The case of the workers’ compensation claim that was approved but never yielded a penny began in September 2017, with a 59-year-old temporary mailroom worker feeling back pain; ended in October 2018, with one of our associate attorneys successfully defending the temporary-staffing agency at risk of being held liable; and moved along in the interim on small but consequential decisions by the worker that changed the complexion of her established claim.
Key among these decisions was the one the woman made not to collect immediately on her claim, which sought compensation for lost earnings and medical bills, but instead to work through her injury by continuing to report for her mailroom job until it ended. When she finally sought to collect on the claim, she no longer was working in the mailroom; rather, she was unemployed and looking for a new job. Job-hunting and taking classes had effectively reattached her to the labor market, she maintained. And when she found a part-time job making less than she had made with our client, she claimed she was entitled to reduced earnings.

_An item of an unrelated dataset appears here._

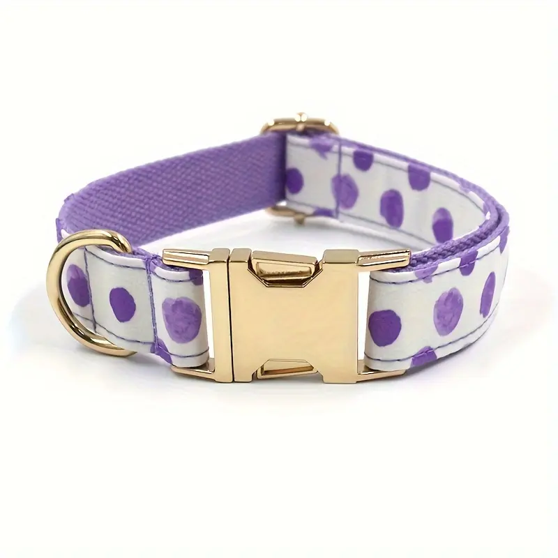 [Personalized] 3pcs/set Light Purple Polka Dot Adjustable Pet Dog Collar, Leash Bow Tie Set, Free Laser Engraved Dog's Name, And Owner's Phone Number, Wedding Gift For Dogs Customized

Tapped in early 2018 to defend the staffing agency that had placed the woman in the mailroom job and now was at risk of being found liable for upward of $16,300 because of her claim, was associate attorney Danielle O. Nelson, of our Workers’ Compensation Practice Group. Danielle counsels and represents employers, insurers, and third-party administrators in a wide variety of workers’ compensation matters and is experienced in handling hearings before the New York State Workers’ Compensation Board, having previously worked in litigation for the Special Funds Conservation Committee.
Danielle argued that the claimant wasn’t attached to the labor market and wasn’t entitled to any benefits while looking for work or any difference in earnings for making less in a new job. She proved the claimant’s doctor had not placed any restrictions on her requiring her to work only part-time.
The judge found the claimant was not entitled to reduced earnings.